In a span of ten years, the population increase in Rogersville, Missouri, has outpaced the national average by 95 percent. With a population that has doubled, the need for infrastructure improvements is critical. For a long time, US 60, a major expressway that runs between Rogersville and Springfield, served travelers and local motorists in southern Missouri with signalization controlling traffic flow. Over time, however, the Missouri Department of Transportation (MoDOT) has recognized the need to lessen the stop-and-go and enhance safety. When the agency decided to convert the arterial into an access-controlled freeway to improve mobility and safety, the Radmacher Brothers/RS&H team had the right solution.
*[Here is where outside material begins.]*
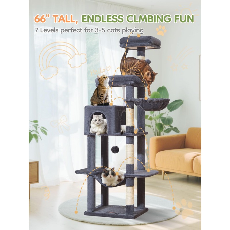 Taoqimiao MS042G Cat Tree,66-inch Large Cat Tower with Scratching Posts, Luxurious Large Platform for Big Cats with Soft Hammock, Adjustable Basket, Deluxe Cat Cando, Top Perch Smoke Gray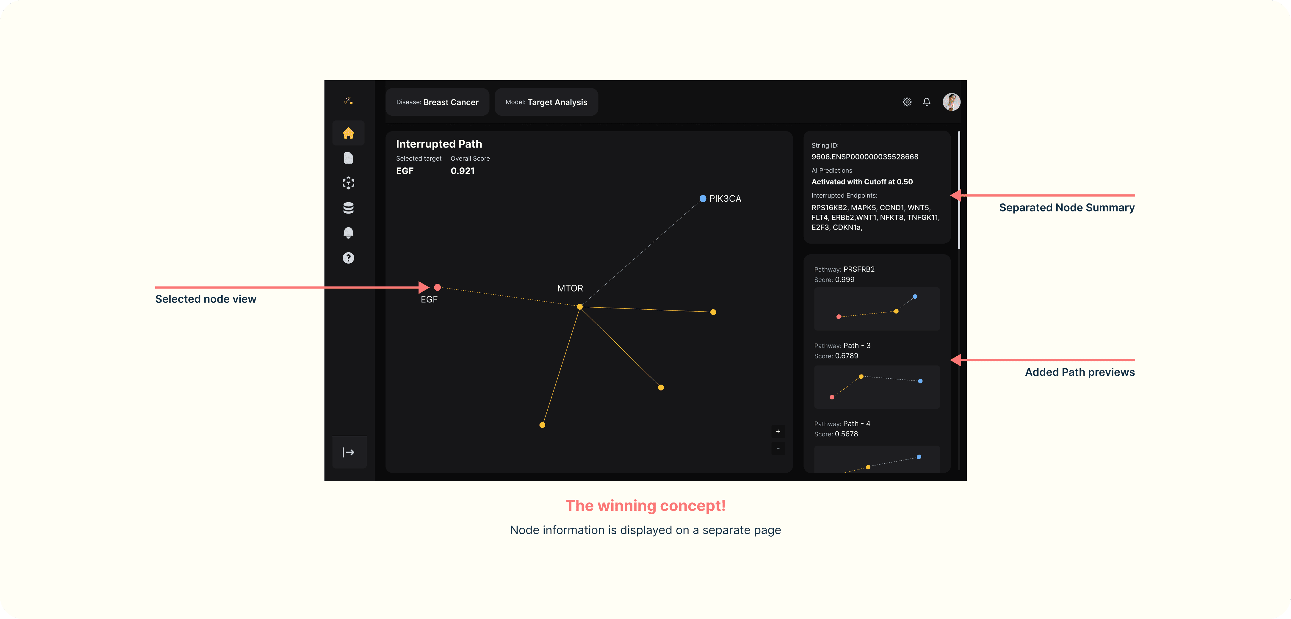 Designing a core feature #1: Target Validation: Validate which disease pathways are affected by therapy and, most importantly, which are not.

Our team’s design overcame the risks associated with converting an expressway to a freeway, such as creating physical divisions in communities, displacing homes and businesses that define areas, and impacting the local environment. In fact, as evident in the visualization, we met these challenges and our design solution is a dramatic improvement for local travelers, through-traffic, and pedestrians. The Radmacher Brothers/RS&H team won the privilege of designing and constructing the project by providing the highest value and best innovations while meeting MoDOT’s fixed-price budget.
MoDOT’s goals included eliminating at-grade intersections and traffic signals at a junction with US 60. Now under construction, the freeway will provide three points of controlled access to the City of Rogersville from Greene and Webster Counties. It will facilitate safe movement of vehicles along the US 60 corridor, as well as efficient circulation of vehicles and pedestrians throughout the city.
Project elements also include roundabout traffic control geometrics and various other improvements and additions to the local road network that will stimulate economic development and regional growth. These enhancements include new interchanges, two-way backage roads, reconfigured and improved intersections, and new turn lanes.
Accommodating for future growth is a primary goal of the US 60 freeway project, ensuring the community has the ability to sustain the type of growth it has seen in the past. To meet this goal, RS&H used innovative intersection design for safety, preparing the area for increases in traffic volume. The project features two unique interchanges that utilize roundabouts: a barbell roundabout and a dogbone-shaped roundabout, both of which will accommodate future growth.
Roundabouts are an effective design commonly used in Europe and are gaining popularity in the US. They provide safety advantages by preventing T-bone crashes, and they are more sustainable because they avoid signalization, use less material, and require less upkeep. In addition to the more obvious benefits, such as increased circulation and traffic capacity, the use of roundabouts also created an opportunity for new signage, more landscaping, and aesthetic features, creating a gateway feature that welcomes travelers to the Rogersville area.
Elements of RS&H’s design support the economic and societal wellness of the community. Along with the converted roadway and two new interchanges, our design proposed a third bridge to sustain community connectivity and maintain traffic flow. Another feature was the incorporation of double-sided backage roads. Like frontage roads, backage roads are used to improve circulation, but are set back further from the main road with land on both sides. This allows for economic development along the roadway and also makes the project more appealing to local residents and businesses.
Public Involvement and Outreach
For a project of this magnitude, keeping the public informed is imperative. RS&H took great pride in this objective and made a concerted effort to rally a positive public perception. The team used tactics, such as showing a looped video of the project developed by our visualization team at a highly attended public meeting. The crowd was impressed by the video, which helped them to better understand the scope of the improvements and, ultimately, limited opposition to the project.
A further commitment to the community, the project team also partnered with local schools and colleges to engage budding engineers for educational and public relations purposes. The department administers a Diversity Outreach Program that cultivates young women’s knowledge about engineering and engineering careers. The program immerses young women in significant projects, exposes them to the broad spectrum of engineering career choices, and educates them about the breadth of their future opportunities. Our team helped to coordinate this effort and identified a qualified subconsultant to run the program.
The project has progressed successfully with RS&H coordinating closely with the contractor and other professionals. The project team has instituted a collocation arrangement in which consultants, contractors, and MoDOT are working together to ensure project success.